A fourth key driver of the febrile regulatory environment for financial services licensees is the emphasis by a number of regulators, including ASIC and APRA, on seeking to identify and attribute liability to individuals for misconduct by the institution. There is significant pressure for financial sanctions, through remuneration adjustments and penalties, for individuals involved in contraventions of the financial services legislation or who failed to take reasonable steps under the Banking Executive Accountability Regime (BEAR) or Financial Accountability Regime (FAR) to ensure that the institution complies with its license conditions.
The fifth key contributor is the proliferation of class action proceedings in Australia, driven by a favourable legislative and court rule environment and a proliferation of class action funders and lawyers. Class action funders and lawyers in Australia enjoy a symbiotic relationship with regulatory investigations and prosecutions in that they produce a rich trove of investigative materials and declarations of misconduct that can be leveraged to support a class action.
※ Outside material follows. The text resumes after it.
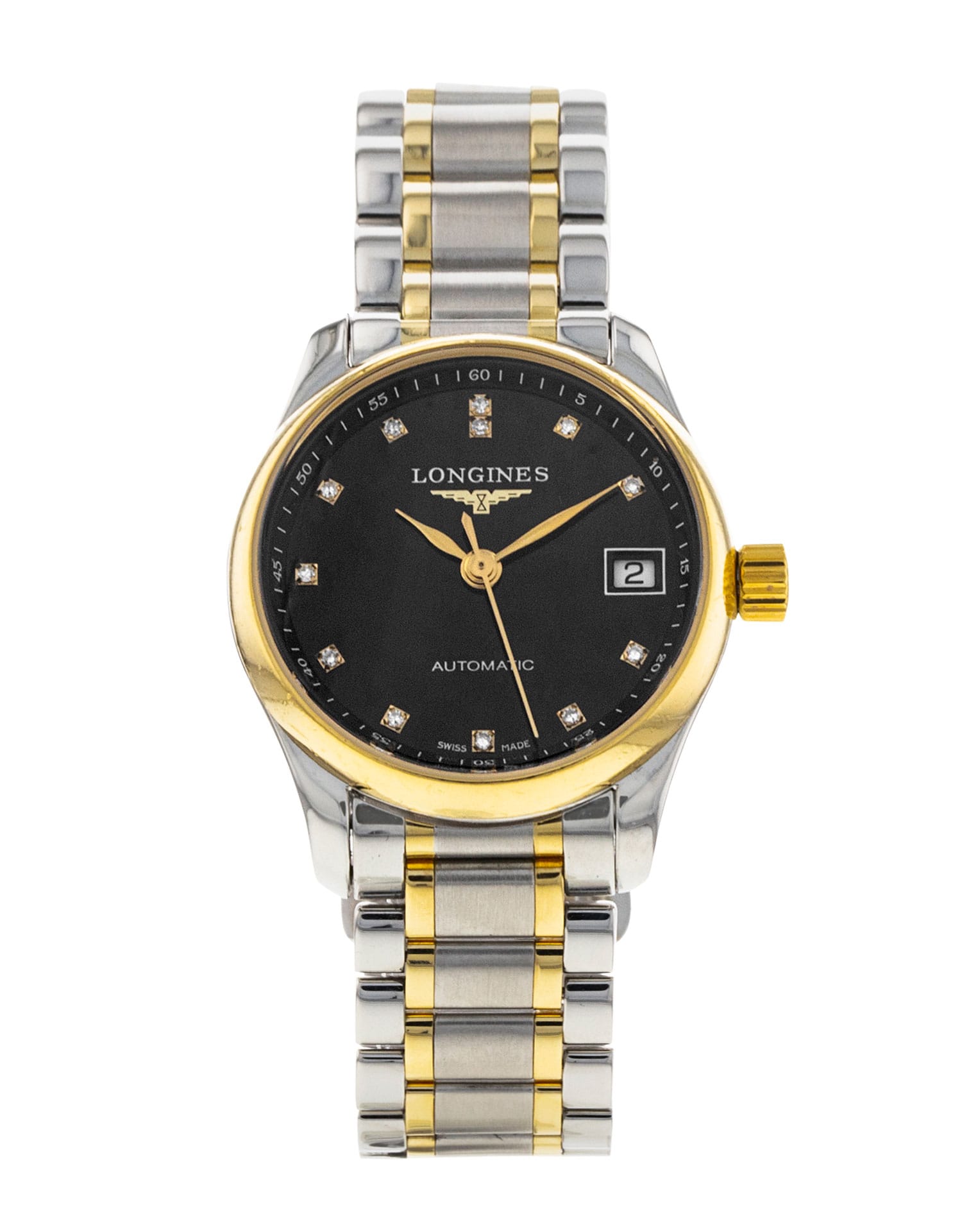 This Longines Master Collection L2.128.5.57.7 has a black diamond dial and a bracelet strap. This Longines has undergone a thorough inspection of accuracy, functionality and condition at our Longines certified service centre to determine the level of reconditioning required to meet our strict standards. It has also been checked against our records to ensure authenticity. All our watches have a 24-month warranty for your peace of mind.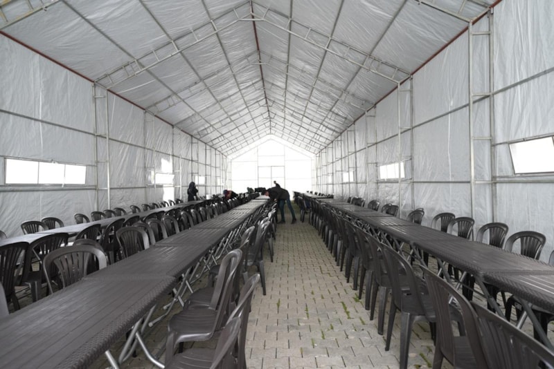Caminin ön avlusuna sosyal etkinliklerin düzenleneceği 1000 metrekarelik çadır, kadın ve erkek mescit alanı, arka avlusuna da iftar için 2 adet çadır olmak üzere toplamda 2500 metrekareden oluşan bir alan kuruldu.

While the surge in class actions and the impact of funding arrangements was the subject of investigation by the Parliamentary Joint Committee on Corporations and Financial Services Report on Litigation Funding and the regulation of the Class Action Industry whose report was released on 21 December 2020, those recommendations are yet to have been put in place and will, in any event, be unlikely to fundamentally alter the overarching attractiveness of class actions for funders and plaintiff law firms alike. Countervailing forces like the introduction of contingency fees for lawyers running class actions has already caused a surge in that jurisdiction.
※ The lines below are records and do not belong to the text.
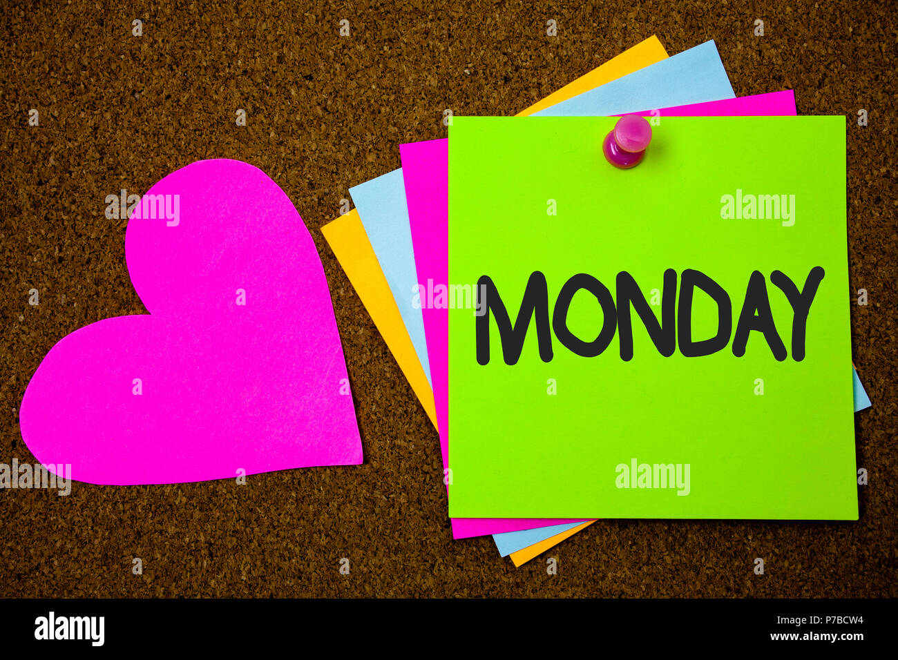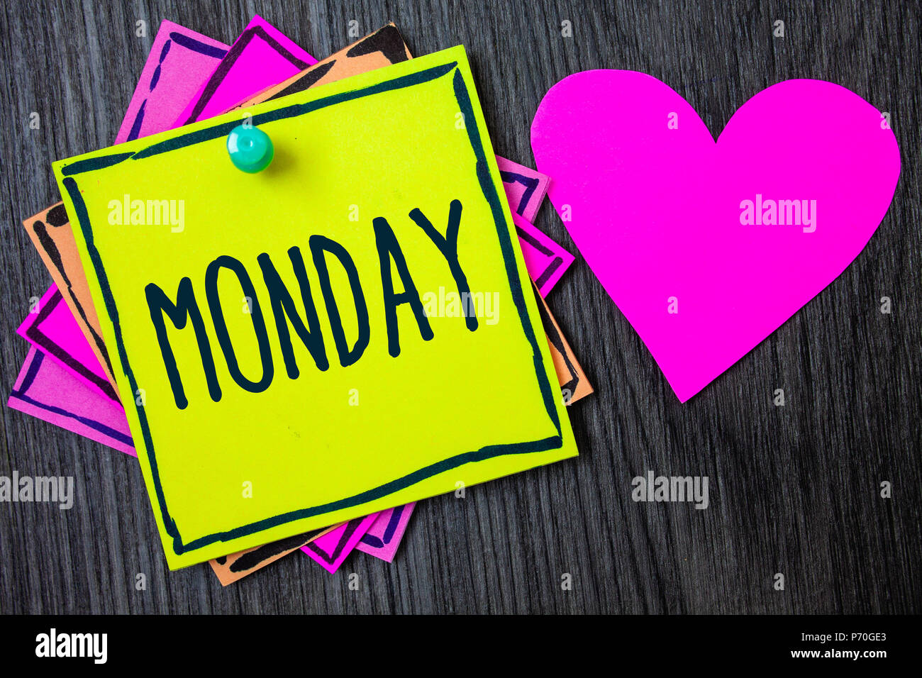 Escritura de texto escrito el lunes. Concepto Significado del primer día de la semana a fin de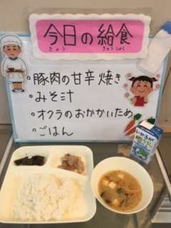 今日の給食は、ごはん 牛乳 豚肉の甘辛焼き みそ汁 オクラのおかかいためです。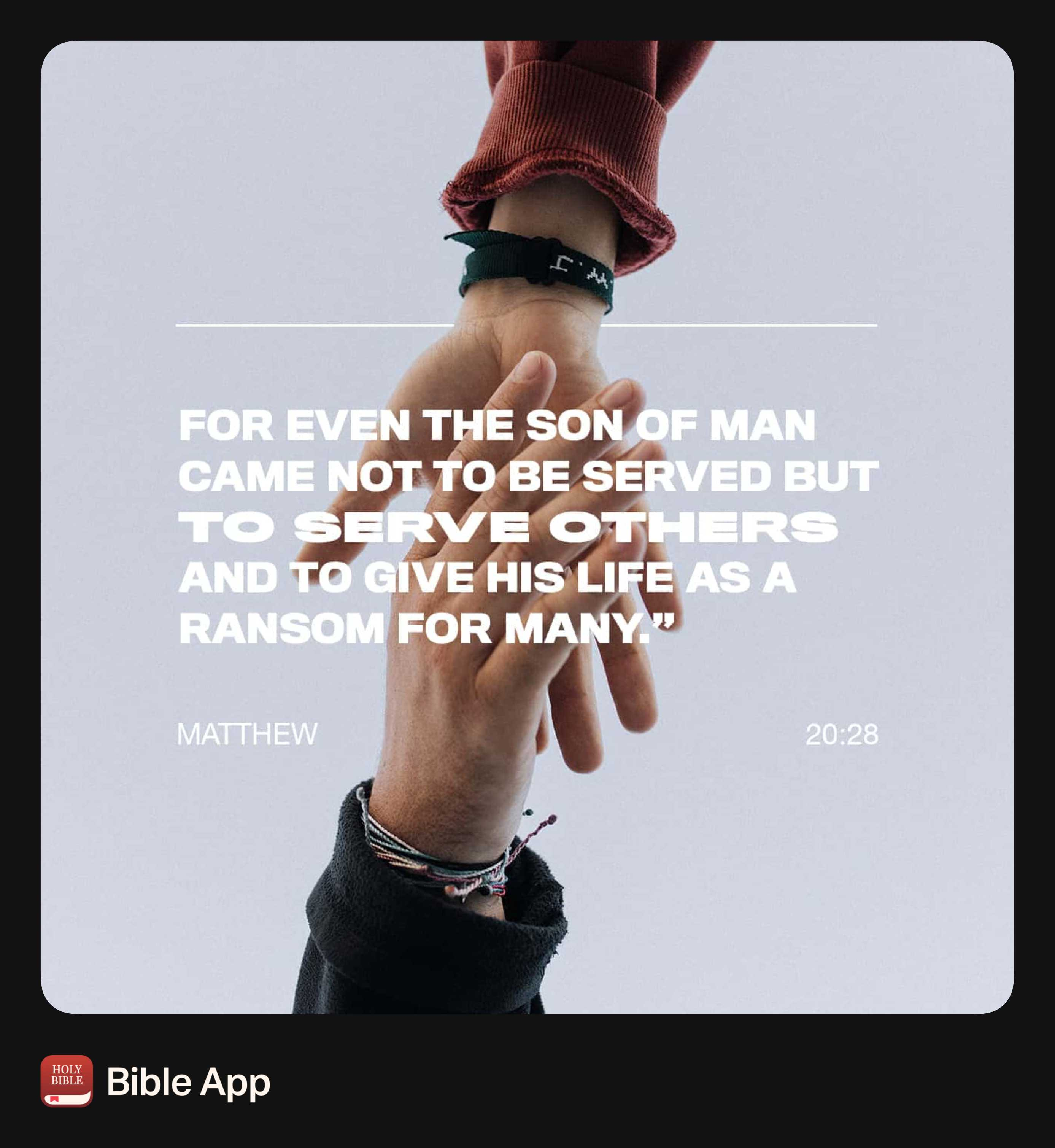 “For even the Son of Man came not to be served but to serve others and to give his life as a ransom for many.”

It would be easy to conclude that Australian financial institutions are reaping what they have sown from the litany of legitimate deficiencies exposed during the Hayne Royal Commission. There is an undeniable kernel of truth in that. That said, the shift in regulatory approach, complexity of legislative reform and pronounced increase in the exposure to risk of both the institutions and individuals involved has been far from incremental and combine to make the running of financial institutions, and ensuring their compliance with the myriad labyrinthine financial services laws, more difficult, dangerous and expensive than ever. What remains dubious is whether there will be a demonstrable broad-based consumer benefit associated with that current and future shareholder pain.